- _YOUR OBJECTIVE_:
Down to the last line, set down the material below exactly; skip the pictures.

==== DATASET EXTRACT ====

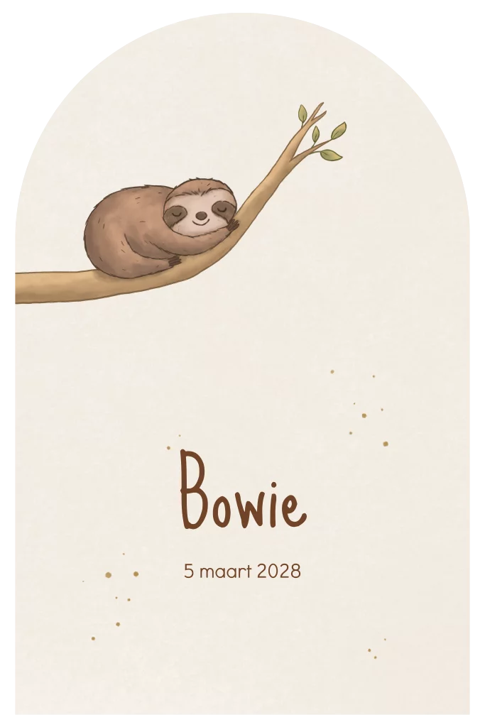 Uniek geboortekaartje in boogvorm met een slapende baby luiaard.
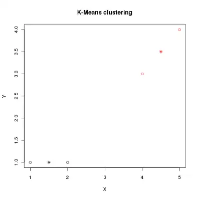 The first way is to plot the object, creating a chart that represents the data. Thus, if there are N objects divided into K clusters, the chart must contain N points representing the objects, and those points must be colored in K different colors, each one representing a cluster set. For example, given the object km, which is a result of the function kmeans application, all one has to do in order to plot the object is:
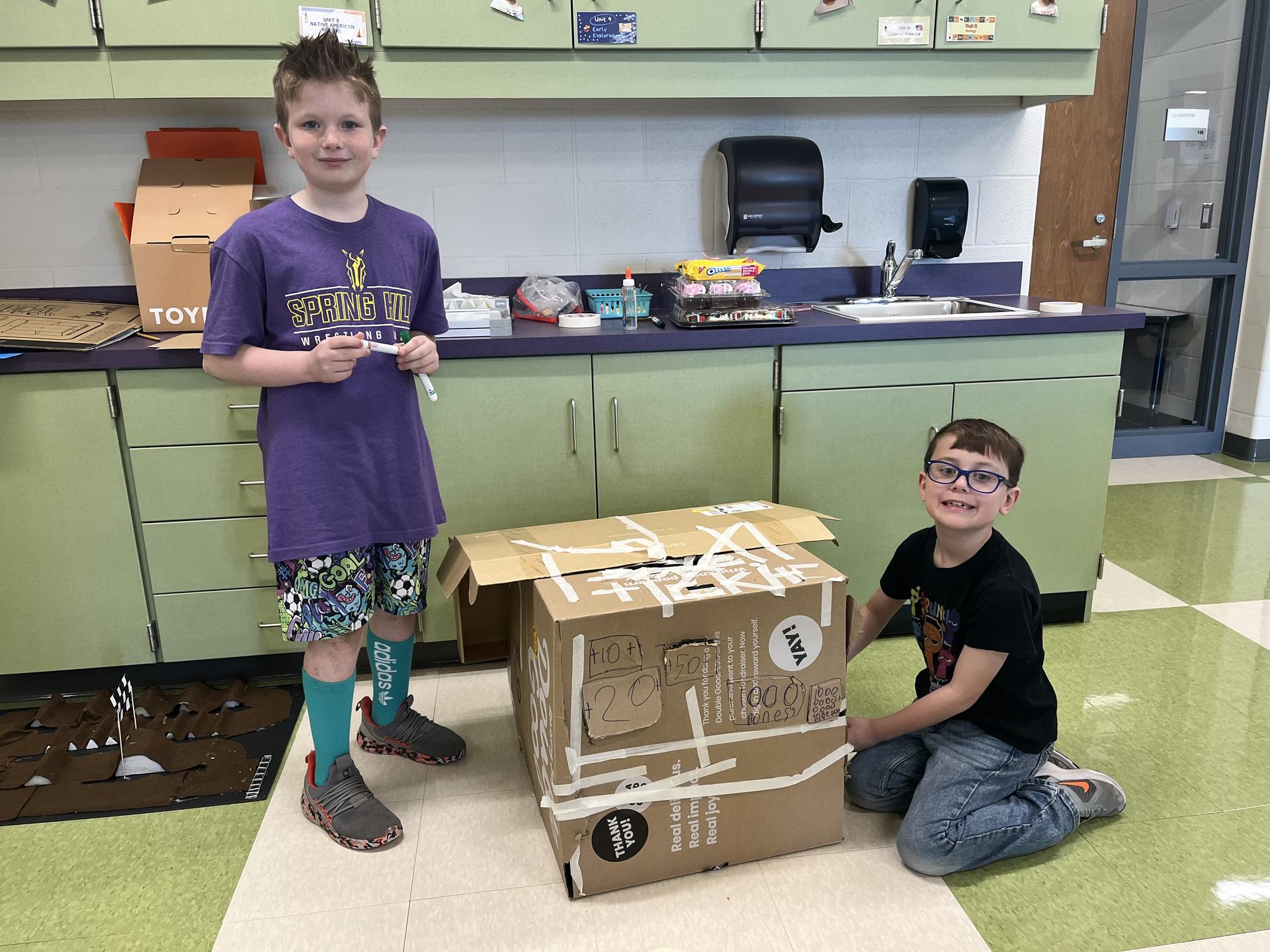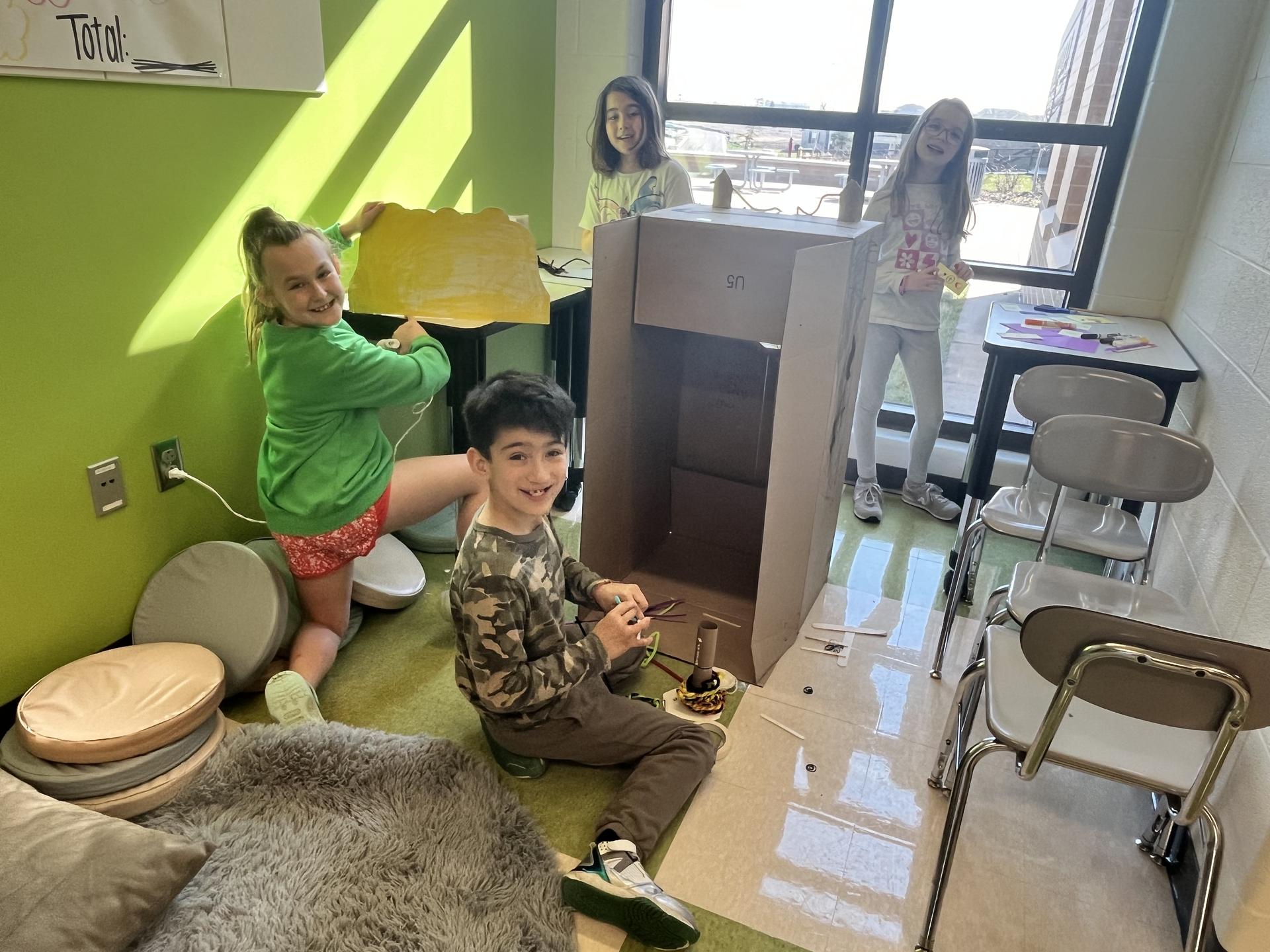 Empowered To Engage: Our 3rd Graders collaborating and problem-solving as they construct their cardboard arcade games for STEM.
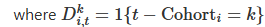 Ok, now, we need to reduce the number of treatment effect parameters of the model. To achieve that, we can think about a way of somehow grouping units. If we think about this a bit, we can see a very natural way to group units: by cohort! We know that the effect in an entire cohort follows the same pattern over time. So, a natural improvement on that impractical model above is to allow the effect to change by cohort instead of units:

====

- _ANSWER TO THE PROBLEM_:
 Uniek geboortekaartje in boogvorm met een slapende baby luiaard.
 The first way is to plot the object, creating a chart that represents the data. Thus, if there are N objects divided into K clusters, the chart must contain N points representing the objects, and those points must be colored in K different colors, each one representing a cluster set. For example, given the object km, which is a result of the function kmeans application, all one has to do in order to plot the object is:
 Empowered To Engage: Our 3rd Graders collaborating and problem-solving as they construct their cardboard arcade games for STEM.
 Ok, now, we need to reduce the number of treatment effect parameters of the model. To achieve that, we can think about a way of somehow grouping units. If we think about this a bit, we can see a very natural way to group units: by cohort! We know that the effect in an entire cohort follows the same pattern over time. So, a natural improvement on that impractical model above is to allow the effect to change by cohort instead of units:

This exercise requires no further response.